Books
So many books, so little time

To say that one has had a lifelong fondness for books can often seem like saying one has always appreciated the value of oxygen. Books have a unique place in my heart not only because of the value that they can hold but also because of the dream that they can carry.
For most of my day I exist in practical time. Life has a heartbeat that can sometimes feel like an unwelcome exoskeleton, moving us as it does from one adult commitment to the next through our days, on and on the conveyor belt runs. There's something about the march of routine across the horizon that I sometimes find disheartening. By the end of my day I yearn for a different kind of time—reading time.

Through my adult life, my relationship with books has been patchy at times. Life comes at you fast and can get you like that, especially 21st century life with its screens and incessant clamour for our attention.
As adults we remember the times as children we swam in a cold loch or raced our bikes along country lanes. I have my fair share of such memories but I also remember the books that rose above my childhood like shining heralds of the adult life to come.

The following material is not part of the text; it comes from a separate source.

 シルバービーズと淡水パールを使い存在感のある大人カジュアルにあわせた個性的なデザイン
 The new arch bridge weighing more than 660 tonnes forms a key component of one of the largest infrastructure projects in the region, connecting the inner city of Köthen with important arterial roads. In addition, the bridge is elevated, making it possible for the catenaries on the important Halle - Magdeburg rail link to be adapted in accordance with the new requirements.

Such books as Watership Down, Kidnapped and anything by Enid Blyton fed my imagination and brought me to new worlds and new experiences whilst sitting in my room. As adults we move on to exist in practical time only released to the misty world of books when they day eventually stops pressing like a tight band against our eyes and consciousness, slackens. The clock finds a 13th hour.

This section of my website has been dedicated to some of the books I have read. My ambition hopes for them all to be described here some day. Catalogued and curated like books on a shelf but you and I both know that we have to exist in practical time right? I hope you enjoy what you read here and perhaps you may decide to read a book yourself on the basis of my comments. If you do then I hope you enjoy the book as much as I did or maybe more.